I examined my list. Will I:

  • Clean the whole house, top to bottom? Unless I hire a cleaning crew, that’s probably not going to happen. But I can declutter, do some basics and make room for holiday decorations.

  • Join a gym? How about if I buy a good exercise mat and do some exercises at home?

  • Take my dogs on long walks in the woods? Maybe I will drive to the park with Molly and start there. Chloe was so traumatized by her last walk in the park that she was sick for days.

  • Make homemade Christmas presents? Why yes, I think I will do that for a select few. But only because I enjoy doing it.

  • Get a complete ‘beauty makeover”? How about a haircut and a manicure? And maybe set up a schedule so I don’t forget.

  • Take a class? Check! Enrolled in that already.

  • Write a book in a month? Every year I vow to do Nanowrimo, national novel writing month. But it is in the middle of the holiday season so I lose the whole week of Thanksgiving and feel like a failure. And I am not allowed to work on my current book. Maybe I will do the 100 word challenge this year instead. One hundred words a day has to be more manageable than 1700.

So, reframed goals in hand, I am looking forward to fall, to witches and goblins making way for pumpkins and turkeys marching toward snow and winter, which is, of course, REALLY my favorite time of year.

"Lost Girl" has lost me.

I have watched this program from the beginning.  I understand the program is about Bo;  the premise is that she is searching for who and what she is.  The premise was also that she would remain a free agent as she decided to work to protect humans rather than side with the fae.  The problem for me is that each episode seems to "jump the shark" for me

Last week was no exception.  Bo suddenly announced to Trick that she knew he was her father.  My reaction was ‘What?”  Bo answered that question with “Why else would you care so much about me?”  That isn’t enough.  What clues brought her to this epiphany? Every week I feel like I need to go back and watch every episode again because I must be missing something.  Now, out of the blue, her blood has some magical property.   That’s a little deus ex machina for my taste.

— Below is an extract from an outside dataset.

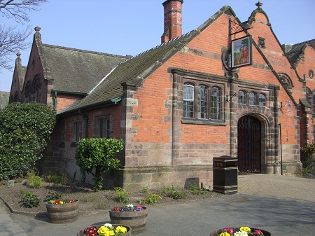Located in the Lyceum building which was built in 1895 and originally housed the Village church and school. Lyceum Club Port Sunlight Port Sunlight. Spring view in Port Sunlights Dell with the late 19th century Lyceum.

I accept that Bo is a succubus and uses sexual energy.  I have trouble when she feels guilty because of it, and in fact, seems to fall in love with every person with whom she has sex.   This seems limiting for a succubus.

Moreover, Bo is supposed to be a free agent.  But she only works for the light fae.  If she only works for one side then it seems that she has indeed chosen a side to join. The last episode proposed that since she is not aligned with either side, she can bring the two together to work as a team.  So she did what she always does, stormed  into the domain of a dark fae, unhindered, and made deals to obtain objects without knowing what the result of her actions would be.  As usual, she then had to correct her mistake--and on and on.  Usually the show ends with the rest of the cast of characters rushing in to rescue her.

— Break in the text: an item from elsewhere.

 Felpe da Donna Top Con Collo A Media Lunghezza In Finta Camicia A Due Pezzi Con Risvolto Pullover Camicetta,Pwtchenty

I still don’t understand why Kinsey stayed with Bo instead of going with Nate unless she is in love with Bo; it doesn’t make sense.  But I am glad she stayed because Kinsey is the only character in the show who really has the balls to get things done. Where would the show be without Kinsey circumventing fae protocol?  Last week when everyone ran from the Garuda, it was Kinsey who went back and saved Dyson.  This week she stood up to another “big bad” to get Dyson’s love back. And thank god for that because I was really tired of Dyson—a werewolf AND police officer--wandering around like a wimp.

I know that with the paranormal we are asked to leave reality behind.  But once the world is created, I expect it to remain consistent and sustain believability within that world.  Every week I find myself more distracted by the inconsistencies than the plot line they are posing.